The North Channel is the body of water along the north shore of Lake Huron, in the Canadian province of Ontario. It stretches approximately 160 nautical miles (300 km) and is bordered on the east by Georgian Bay, on the west by the St. Marys River, to the north by the eastern Algoma District and part of the Sudbury District, and to the south by the islands of Manitoulin, Cockburn, Drummond and St. Joseph.  At its widest point it is over 30 km (20 miles) wide.

In addition to Georgian Bay, the North Channel is connected to the main body of Lake Huron by the False Detour Channel and the Mississagi Strait, which separate the above-noted islands.

The channel is recognized as one of the best freshwater cruising grounds in the world.  There are full-service marinas in various small communities along the shore providing sufficient provisions.  A large section of the north shore is bordered by La Cloche Provincial Park providing for a scenic environment.

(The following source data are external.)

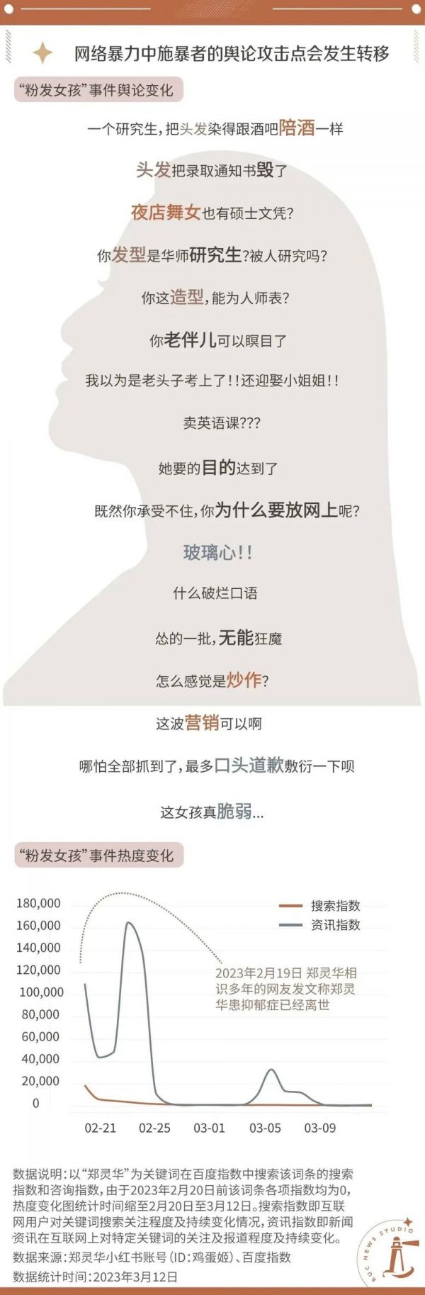 这些刺耳的声音,是因“粉色头发”而被网暴的女孩郑灵华生前所经历的。从开始遭受谣言和辱骂到离开人世,195天里,郑灵华一条一条回复那些对她的恶评:“您好,我是当事人郑灵华,请问您认为是什么目的,请直接和我对话。”“您好,我是当事人郑灵华,如果你认为我不是好女孩,请直接和我对话。”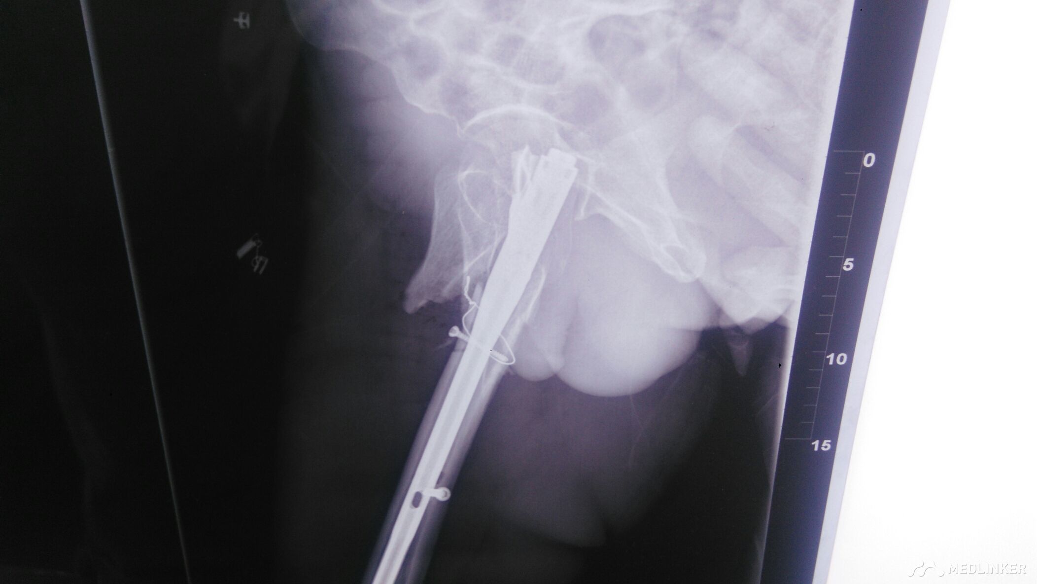髋部手术。髋部畸形明显,肿胀明显。以股骨外侧为著。足部血运正常,感觉正常。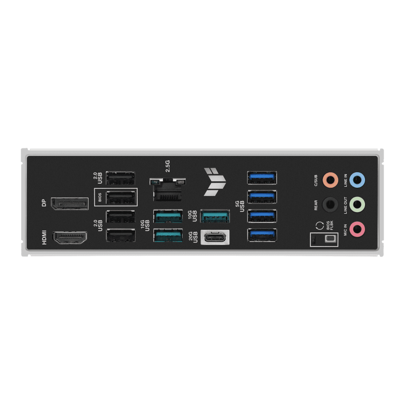 Back Panel I/O Ports | 1 x USB 20Gbps (Type-C®) 3 x USB 10Gbps (Type-A) 4 x USB 5Gbps (Type-A) 4 x USB 2.0 (Type-A) 1 x DisplayPort 1 x HDMI™ 1 x Realtek 2.5Gb Ethernet 5 x Audio jacks 1 x BIOS FlashBack™ button |

The only road crossings of the North Channel are at the Little Current Swing Bridge, which carries Highway 6 between Manitoulin Island and the mainland of Northern Ontario, and the Bernt Gilbertson Bridge, which carries Highway 548 from the mainland onto St. Joseph Island. The bridges are located at two of the narrowest points along the entire channel.

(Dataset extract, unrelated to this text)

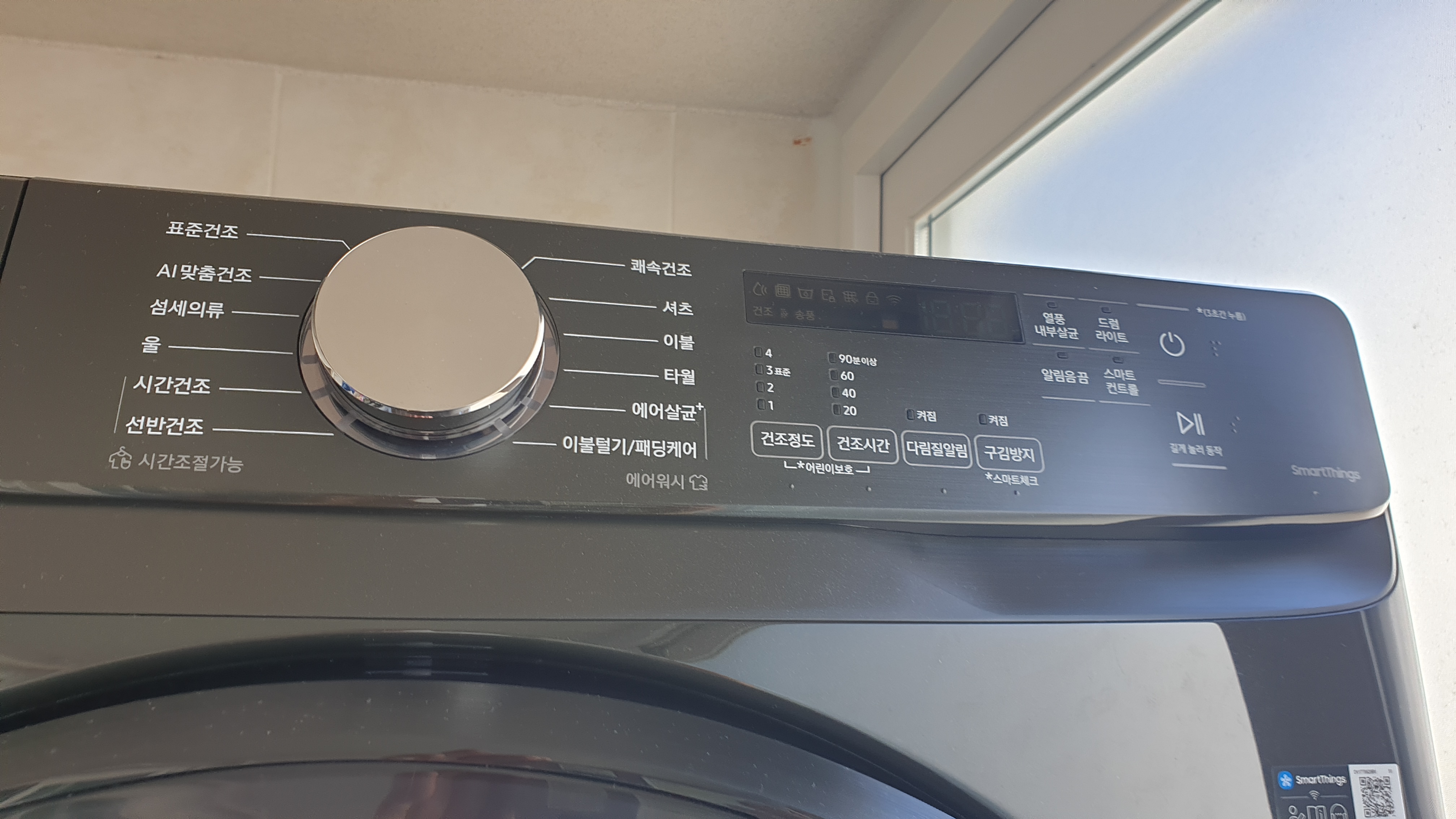 이번에 구입한 건조기가 최신 모델은 아니지만 4인 가족이 사용하기에 충분한 용량과 기능으로 부족함이 없다. 세탁기와 색이 완전히 같지는 않지만 같이 있어도 전혀 어색하지 않고 괜찮다.

The North Channel lies under the jurisdiction of the Georgian Bay Land Trust. The Georgian Bay Land Trust is an organization which seeks to preserve land of ecological, geological, and historical importance.

The communities on the mainland side of the North Channel, between the townships of Tarbutt and Nairn and Hyman, are commonly grouped as the North Shore region. This designation does not generally include the communities on St. Joseph or Manitoulin islands.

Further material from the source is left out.